第24話 (累計・第157話) クーリャ148:キツネかタヌキか? アナスタシヤ様のお父様は手ごわいの!
「クーリャ様、わたくしの父にお会いになってくださるのですね」
「はい。わたくし、アナスタシヤ様のお父様には一度お会いしたいと思っていましたので」
ゲッツによって運んでもらった荷物が到着後、わたしは政治活動を開始した。
……まー、お土産を持参してお話するだけなんだけどね。ただ……。
アナスタシヤ様は、わたしの秘密を知っていても、隠密方のお父様ヴァース伯爵アルトゥル様にはナイショにしてくださっている。

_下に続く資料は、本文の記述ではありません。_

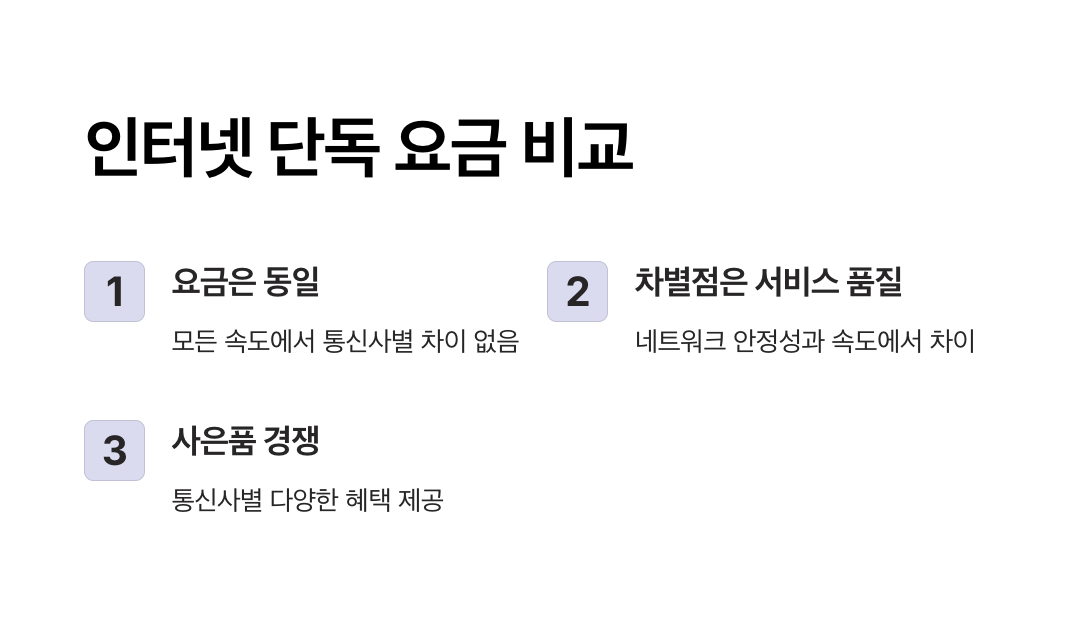 - 인터넷 단독 요금은 모든 통신사가 동일하지만, 가입 혜택(사은품, 와이파이 무료 제공 등)이 차이가 있음.
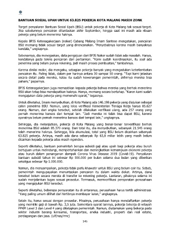 Target penyaluran Bantuan Sosial Upah (BSU) untuk pekerja di Kota Malang tak sesuai target.

しかし、多くの情報を集めているアルトゥール様は、薄々だけれどもわたしが何かをしようとしているところまでは把握済み。
娘の恩人だから今のところはノータッチだが、わたしが王国への害となるなら排除を考える事もありうる。
なれば先手で動いて、わたしには邪な考えが無い事をアピールするに限る。
「クーリャ姫様、くれぐれも油断なさらぬように。自分も王国隠密方とは一戦交えた事がありましたが、逃げるのがやっとでした」
「ええ、マスカー様の言う通りです。くれぐれも、要らぬ事を言わず、失礼の無い様にお願いします」
「マスカーも先生も心配しすぎですよ。既に娘様のアナスタシヤ様はお味方。将を得るには馬をとも言います。いかな隠密方の総元締めとはいえ、娘は可愛いと思いますよ」
ゲッツと共に来てくれたマスカー。
わたしの護衛兼騎士過程の教育手伝いをする事になった。
……先日から先生とマスカーが妙に距離近いのぉ。以前はそんな雰囲気無かったけど、もしかして、もしかするのかな?
カティがふと呟いた「先生が喜ぶ」。
事実、先生はマスカーと再会した際に嬉しそうだったし、それ以上にマスカーが嬉しそうだった。
仮面ごしにすら笑顔が見える程に。
……へー。そうなのね。これはゲームでは無かった展開なの。以前の敵同士が同じ主の元で助け合い、共に戦って愛情を育む。王道のありがち展開だけど、悪くないの。先生もお年頃だし、マスカー、いやヴァルラムもそろそろ結婚を考えてもいい歳。お互いの家も騎士爵同士だから、つり合いも取れているしね。
先生の家は一代騎士爵、ヴァルラムの家は永代騎士爵。
家の格も同じくらいだし、職場結婚なら問題も無い。
その上、仕える主がわたしと同じなら、今後もずっとわたしに仕えてくれる。
文句なしの状態なのだ。
……今度、家に帰ったらお父様に縁談の相談しましょ。うふふ、どうして他人のコイバナは楽しいのかなぁ。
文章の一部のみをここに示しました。